Северов помолчал, потом хлопнул себя по коленям и поднялся:
— В другой — так в другой. Поправляйтесь. Я ещё зайду.
Я не думал, что Джавад будет со мной разговаривать. Но как только закрылась дверь, он сказал:
— Прощения просит, шкура. За репутацию трясётся. Родителей ещё не пускают, а он уже пролез.
— Что — правда? — взъярился Джавад. — А на площадь вас кто вывел? Морды бить кто учил? Да и пистолет у него, думаешь, откуда? На улице нашёл?

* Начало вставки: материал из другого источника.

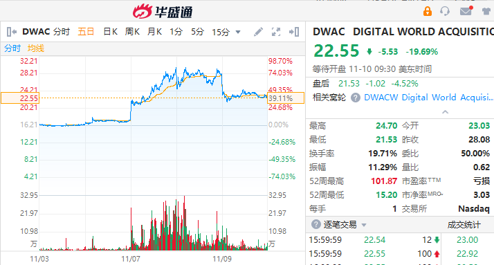 SPAC公司Digital World Acquisition Corp(数字世界并购公司)因与特朗普创立的特朗普媒体和科技集团(Trump Media and Technology Group ,TMTG)的合并上市计划,股价走势基本与特朗普方的动作和双方合并进展“绑定”。双方的合并计划迄今已经持续有一年的时间,仍然未完成。在本月初,DWAC公司首席执行官奥兰多将股东大会延期至11月22日 ,届时将投票决定公司与特朗普旗下社交软件的合并事宜。
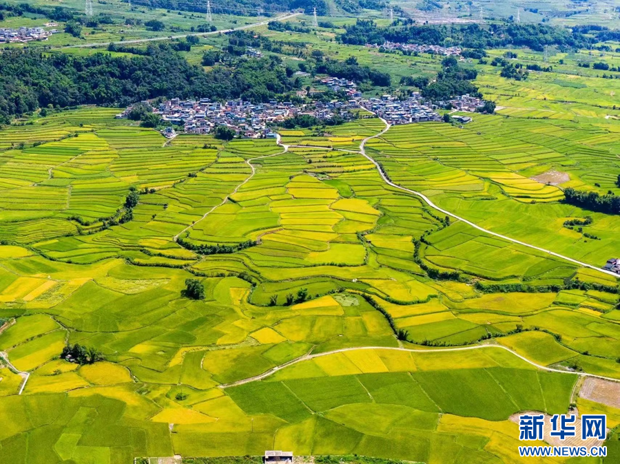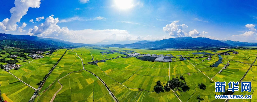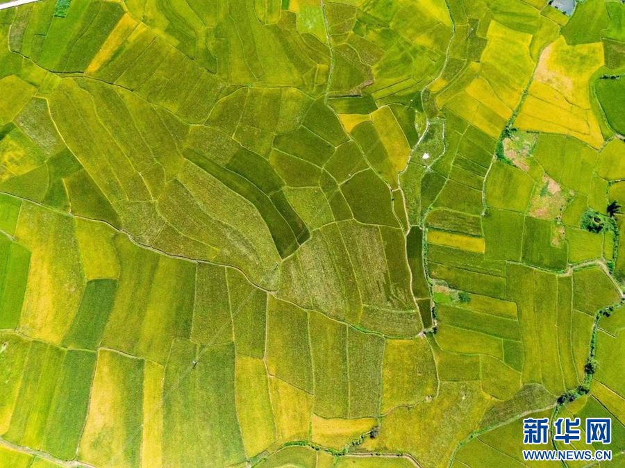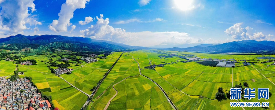近日,在云南省德宏傣族景颇族自治州盈江县,31.66万亩稻田即将迎来丰收,航拍镜头中的稻田已经呈现出淡淡的金黄,在阳光下格外美丽。
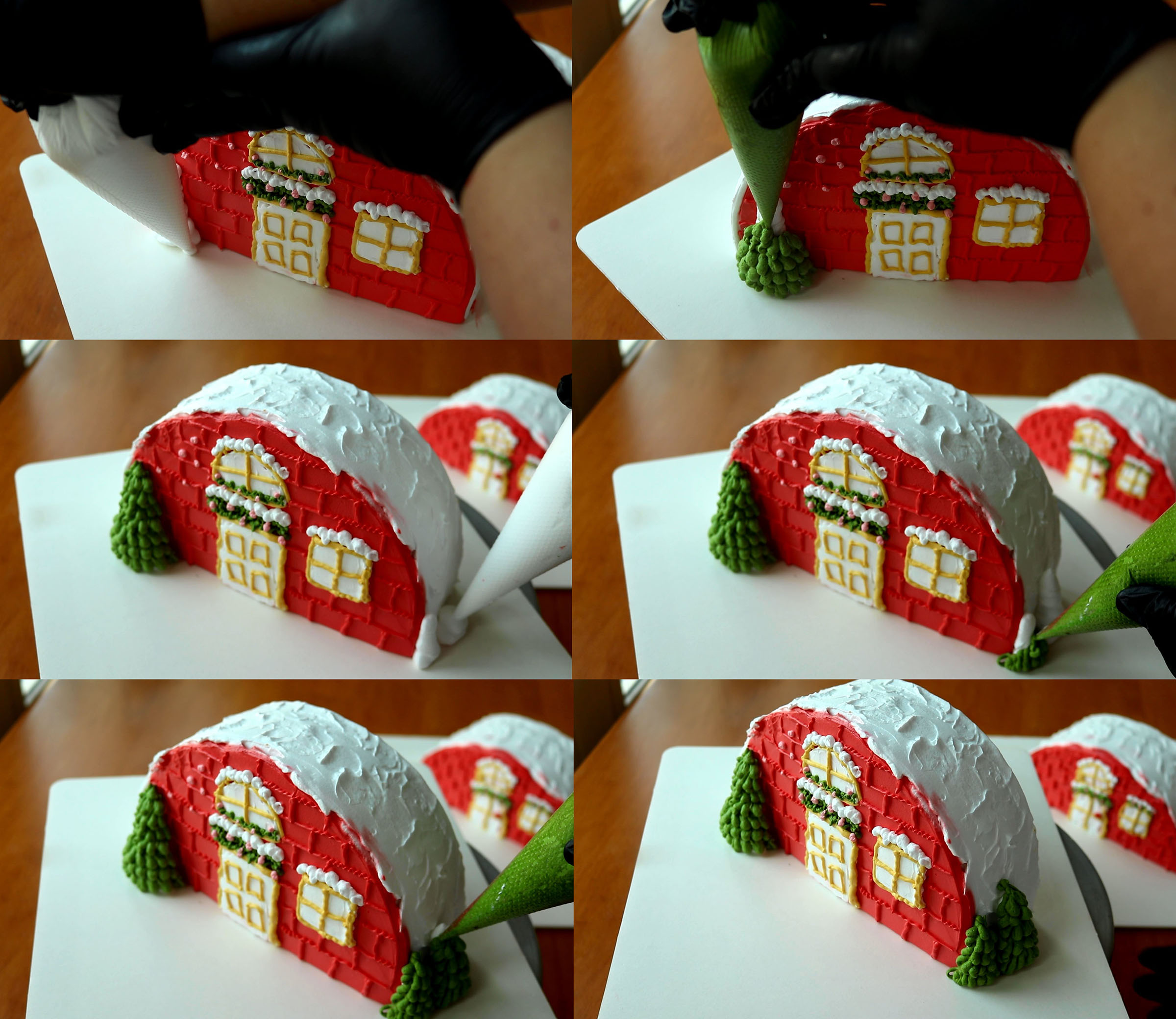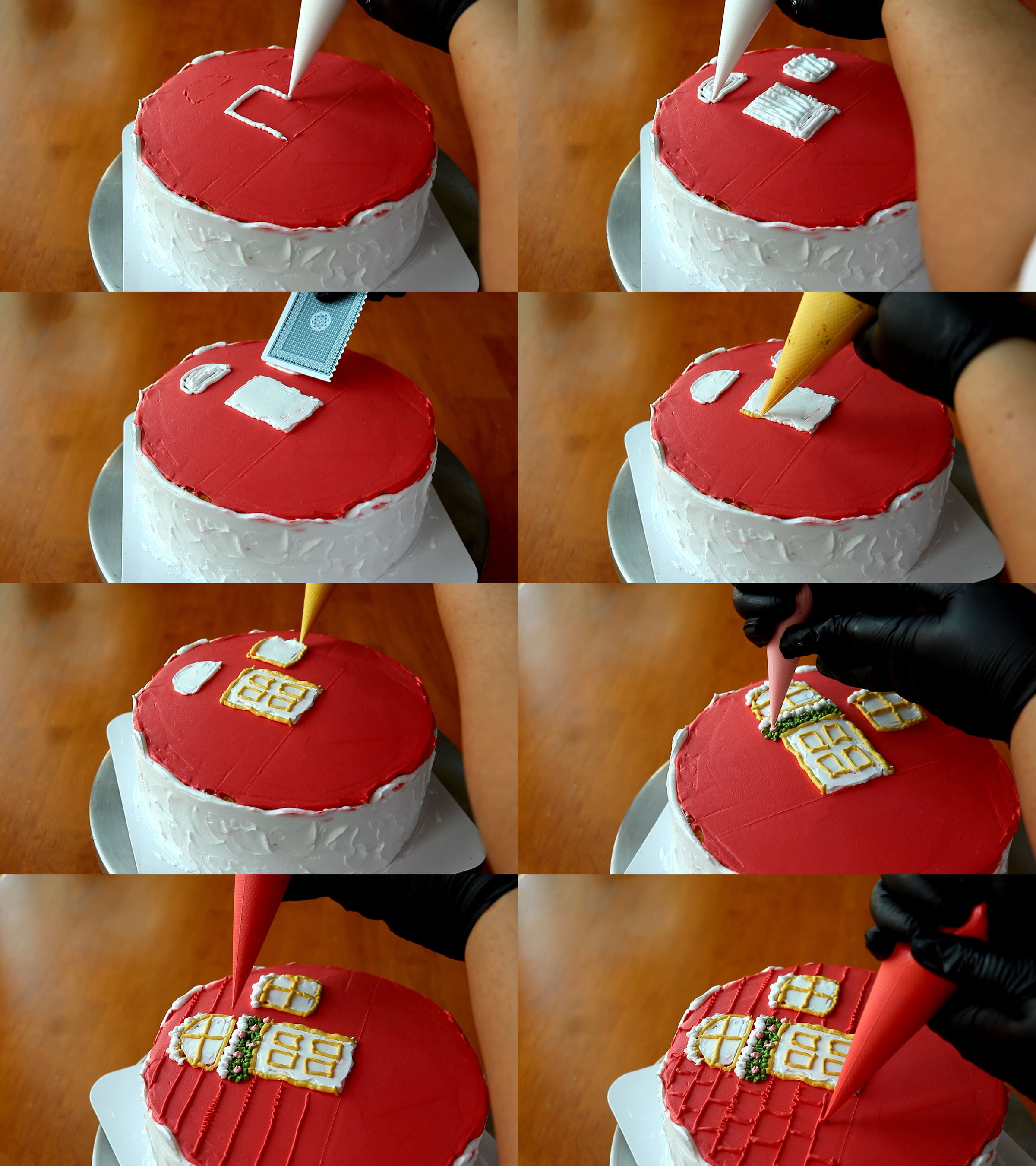 8.บีบครีมเป็นประตูหน้าต่าง และตกแต่งให้สวยงามตามจินตนาการได้เลยค่ะ

— Прости. — Я шмыгнул носом. — Ты говорил, чтобы я больше так не делал, а я…
— А ты, между прочим, и не делал, — Джавад взбил подушку и улёгся повыше. — Я помню, как ты за меня рубился. Ничего не помню, а это запомнил.
Я тоже помнил, как бился с Юркой. Как Виль врезал Тольке, а тот в ответ повалил его на землю и наподдал пониже спины. Бедный Толька… Когда меня подстрелили, у него было такое лицо, будто он сам умирает. Майор тащил меня в машину, а он ТАК смотрел… Я этот взгляд никогда не забуду.
— Должен… — фыркнул Джавад. — Сколько там стражи стояло — и что? Хоть кто-то вмешался? А ты против своих пошёл.
— Ты вообще ничего не помнишь? — тихо спросил я.
— Кое-что помню — обрывки. Авива какая-то, кажется, врач. И комната…
— Палата, — поправил я. — Белая. Яркая. Вся, без лампочек.
Авиву я тоже помнил — смутно. Восточная, вроде Лейлы, но невысокая. Зато пальцы крепкие — ощупывала меня так, словно продавить хотела.
— Там ещё Нина была, — пробормотал Джавад. — Я её не видел, только голос. Приятный такой.
— Медсестра, наверное, — протянул я. — Ещё Фёдор Николаевич заглядывал. И Хельга.
— Эта Нина чушь какую-то несла. — Джавад нахмурился. — Они дверь в коридор не закрыли, я услышал, как майор её спрашивает.
— Тарабарщина. Ни черта не понятно. Вроде по-нашему, а вроде нет. Папа говорил, от наркоза такое бывает. Слышишь — и не понимаешь.
— А ты сейчас как? Не больно?
— Вообще, — усмехнулся Джавад. — Только спать всё время хочется. И в туалет.
Нас выписали через неделю. За мной приехал Виктор Егорович, за Джавадом — Хасан с Лейлой. Они сидели в стороне и на нас подчёркнуто не смотрели. Я не обижался — заслужил.
— Поразительно, — разводил руками врач, заполняя бумажки. — Первый случай в моей практике.
— Может, не всё было так плохо? — неуверенно спросил Хасан. — Случаи регенерации известны…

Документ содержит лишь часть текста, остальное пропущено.